Experts Not Surprised by Ruling to Uphold Prop 8
The Examiner
By Paul Elias
May 26, 2009
Gay marriage proponents had little
chance of overturning Proposition 8 because
California's notorious initiative process
guarantees, in powerful legal language, voters'
right to amend the state's constitution, legal
analysts said Tuesday.
In the end, the California Supreme Court rejected
arguments that the gay marriage ban, passed by the
voters last fall, was such a fundamental change that
it qualified as a constitutional revision - not just
an amendment - and therefore needed to first go
before lawmakers.
Chief Justice Ronald George, writing for the 6-1
majority, concluded that denying gay couples the
word "marriage" "does not have a substantial or,
indeed, even a minimal effect on the governmental
plan or framework of California."
The justices' conclusion that Proposition 8 is
not a constitutional revision doesn't speak to the
issue's significance, George wrote. He noted that it
was California's initiative process that led to
women's voting rights, the reinstatement of the
state's death penalty and legislative term limits.
"Thus, it is clear that the distinction drawn by
the California Constitution between an amendment and
a revision does not turn on the relative importance
of the measure but rather upon the measure's scope,"
he wrote.
George, who also wrote the majority opinion last
year that legalized gay marriage, said in Tuesday's
ruling that the court's task was not to determine
whether Proposition 8 "is wise or sound as a matter
of policy or whether we, as individuals, believe it
should be a part of the California Constitution."

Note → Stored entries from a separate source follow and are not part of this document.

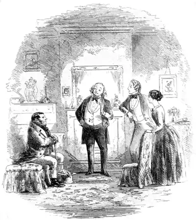 I was apprehensive that his illness might be of a dangerous kind ; but of course, I begged her to be quiet and not disturb any one ; and collected myself, as I followed her quickly upstairs, sufficiently to consider what were the best remedies to be applied if it should prove to be a fit. She threw open a door, and I went into a chamber ; where, to my unspeakable surprise, instead of finding Mr. Skimpole stretched upon the bed, or prostrate on the floor, I found him standing before the fire smiling at Richard, while Richard, with a face of great embarrassment, looked at a person on a sofa, in a white great coat, with smooth hair upon his head and not much of it, which he was wiping smoother, and making less of, with a pocket-handkerchief.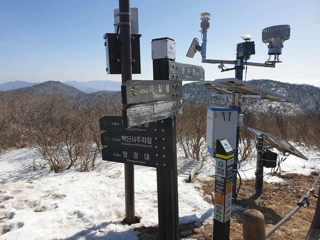 가운데 있는 화면이 달린 안내판에서 태백산 정상의 천제단을 실시간 영상으로 비추고 있다. 사진엔 나와있지 않지만 오른쪽과 뒷쪽이 주차장이다.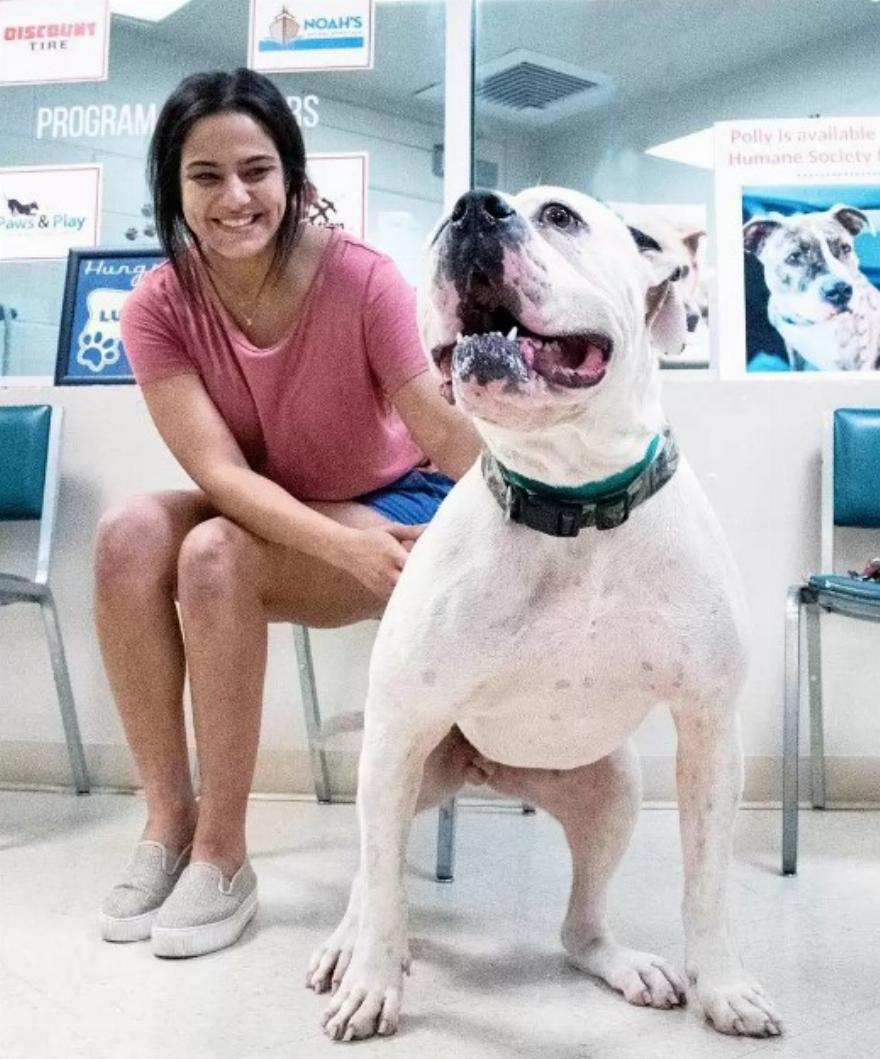 “Με το που μπήκε στο χώρο των επισκεπτών, έτρεξε αμέσως προς το μέρος μου και έβαλε το μεγάλο χαριτωμένο κεφάλι του ακριβώς στην αγκαλιά μου και μπορούσα να πω ότι ήταν τόσο ερωτευμένος”, είπε η Spenia. “Έπρεπε να τον πάρω!”

The justices' decision was widely expected by
legal experts.
"The court did what it had to do," said Douglas
Kmiec, a Pepperdine University law professor who was
a high-ranking Department of Justice lawyer under
President Reagan.
University of California, Davis law professor
Vikram Amar agreed that the justices had little
legal leeway. Amar said of George: "At the oral
argument, he certainly sent the message that his
hands were tied."
Justice Carlos Moreno was the lone dissenter,
arguing that Proposition 8 did qualify as a
constitutional revision and saying that upholding it
"weakens the status of our state Constitution as a
bulwark of fundamental rights for minorities
protected from the will of the majority."
In the majority opinion, George noted that
California's ability to amend its constitution is
"considerably less arduous and restrictive" than
changing the U.S. Constitution. It takes the
signatures of 8 percent of the number of voters who
voted in the most recent gubernatorial election to
qualify a proposed amendment for the ballot.
And unlike other states, George wrote,
California's constitution doesn't expressly prohibit
voters from fiddling with such fundamental rights as
free speech, jury trials and a free press.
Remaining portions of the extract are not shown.